Confirm the layer’s contract by asserting on both branches: a clean invoice returns Accepted with the right ruleset stamp, and each defect class returns Quarantined with the specific rule that should have fired — not merely “some error.” Assert on payload contents so a future refactor cannot quietly change which rule caught a defect.

import io
from decimal import Decimal

RS = RULESETS["v2"]


def _clean_raw() -> dict:
    return {
        "invoice_id": "INV-001",
        "vendor_name": "Acme Facilities",
        "invoice_date": "2026-01-15",
        "property_id": "PROP-42",
        "total_amount": "1075.50",
        "line_items": [
            {"description": "HVAC", "gl_code": "5100-HVAC", "amount": "900.00", "tax_amount": "75.50"},
            {"description": "Sweep", "gl_code": "5200-LOT", "amount": "100.00"},
        ],
    }


def test_clean_invoice_is_accepted_and_stamped() -> None:
    outcome = validate_invoice(_clean_raw(), RS, source_hash="sha256:abc")
    assert isinstance(outcome, Accepted)
    assert outcome.ruleset_version == "v2"
    assert outcome.invoice.total_amount == Decimal("1075.50")

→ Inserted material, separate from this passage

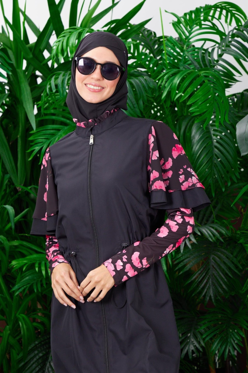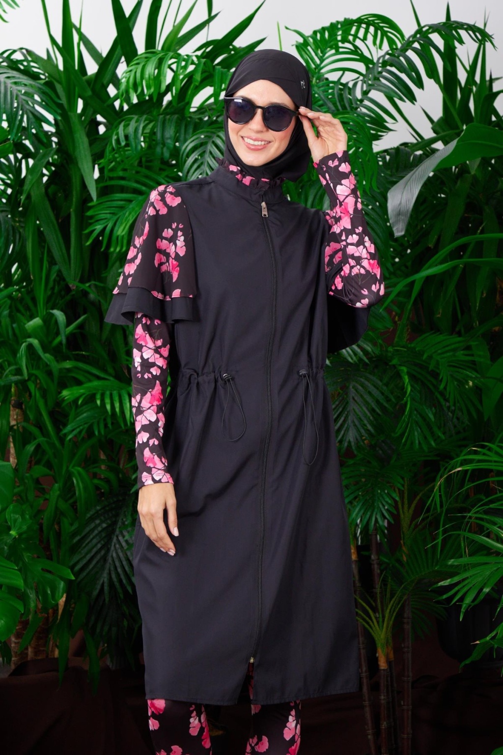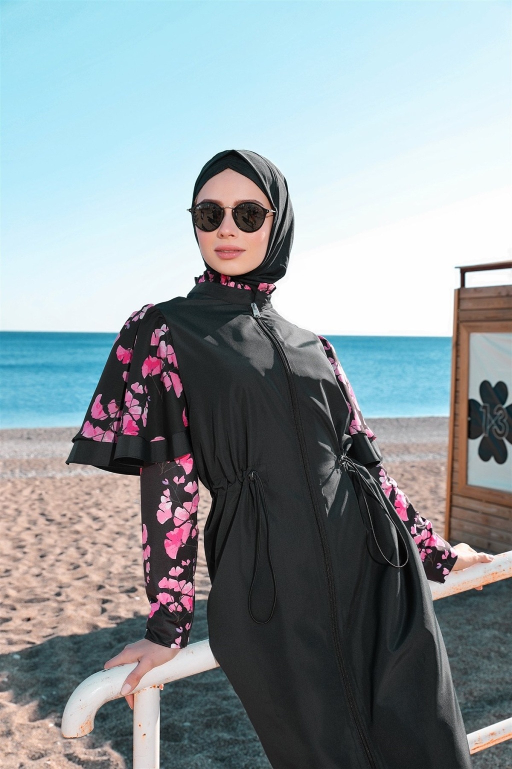 ŞİFON VOLANLI TESETTÜR MAYO ÖLÇÜSÜ:GÖGÜS 104 CM, BEL 108 CM, BASEN 114 CM, KOL BOYU 62 CM, BEDEN BOYU 110 CM.TAYT ÖLÇÜSÜ:BEL 68 CM, BASEN 85 CM, BOY 100 CM' DİR.BEDENLER ARASINDA 4 CM FARK VARDIR.MODELDE 36 BEDEN KULLANILMIŞTIR. %100 POLYAMİD

def test_transposed_total_quarantines_on_schema_rule() -> None:
    raw = _clean_raw()
    raw["total_amount"] = "1750.50"  # digits transposed from 1075.50
    outcome = validate_invoice(raw, RS, source_hash="sha256:def")
    assert isinstance(outcome, Quarantined)
    assert any(e.rule == "schema" for e in outcome.errors)
    assert outcome.source_hash == "sha256:def"  # provenance preserved on reject


def test_large_repair_quarantines_on_lease_logic() -> None:
    raw = _clean_raw()
    raw["line_items"] = [{"description": "Roof", "gl_code": "5300-ROOF",
                          "amount": "12000.00", "tax_amount": "0.00"}]
    raw["total_amount"] = "12000.00"
    outcome = validate_invoice(raw, RS, source_hash="sha256:ghi")
    assert isinstance(outcome, Quarantined)
    assert any("cap-ex" in e.message for e in outcome.errors if e.rule == "lease_logic")

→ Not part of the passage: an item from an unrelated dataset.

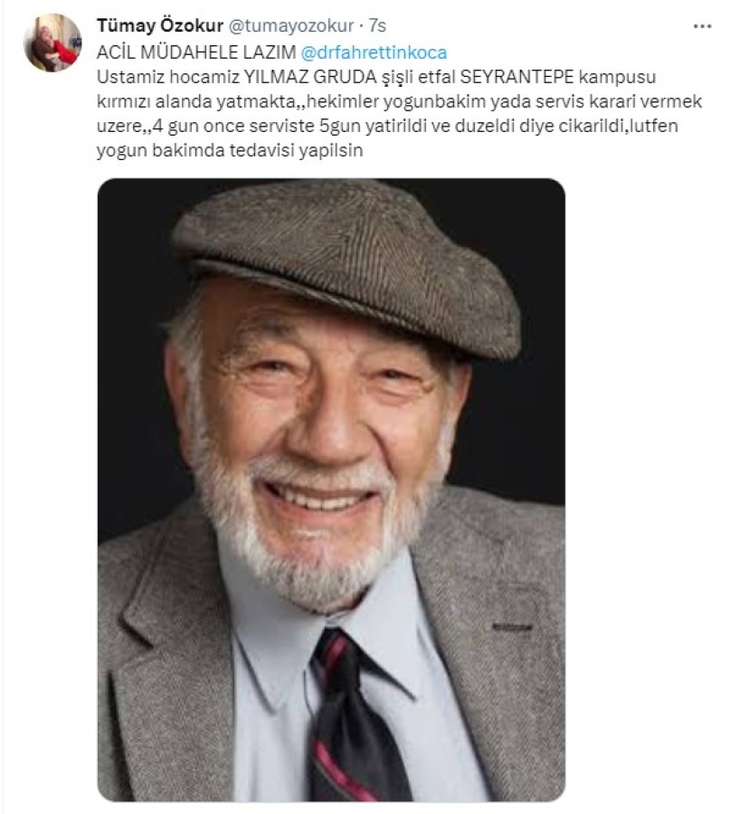 "Ustamız, hocamız Yılmaz Gruda Şişli Etfal Seyrantepe Kampusu kırmızı alanda yatmakta... Hekimler yoğun bakım ya da servise karar vermek üzere... 4 gün ilkin serviste 5 gün yatırıldı ve düzeldi diye çıkarıldı. Lütfen yoğun bakımda tedavisi yapılsın"

def test_batch_routes_accepts_out_and_rejects_to_sink() -> None:
    sink = io.StringIO()
    good = (_clean_raw(), "sha256:1")
    bad_raw = _clean_raw()
    bad_raw["total_amount"] = "9999.99"
    bad = (bad_raw, "sha256:2")
    accepted = list(validate_batch([good, bad], RS, sink))
    assert len(accepted) == 1                      # only the clean record flows on
    assert "sha256:2" in sink.getvalue()           # the reject was persisted
    assert '"rule": "schema"' in sink.getvalue()   # with its structured reason

The batch test is the one that matters most: it proves the layer routes rather than raises — the clean record reaches the downstream mapper while the broken one is persisted with a machine-readable reason and never blocks the invoice beside it. Extend it with property-based tests that generate random line-item sets, compute the true total in Decimal, and assert the reconciling invoice always accepts while a total perturbed by more than a cent always quarantines on the schema rule.

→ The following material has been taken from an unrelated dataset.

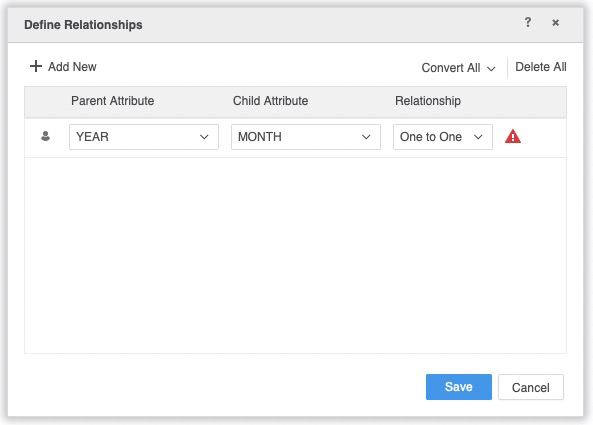 Dans cet exemple, la relation un-à-un entre ANNÉE et MOIS n'est pas valide. Après la publication du jeu de données, une icône d'erreur apparaît à droite de la relation.

Once the layer is green, its accepted output flows on to GL code mapping for CAM expenses with a guarantee the mapper can rely on, and the whole design belongs to schema validation for parsed expense data; if your rejections cluster around one vendor’s scanned statements, the fix usually lives upstream in handling multi-page commercial invoices in Python.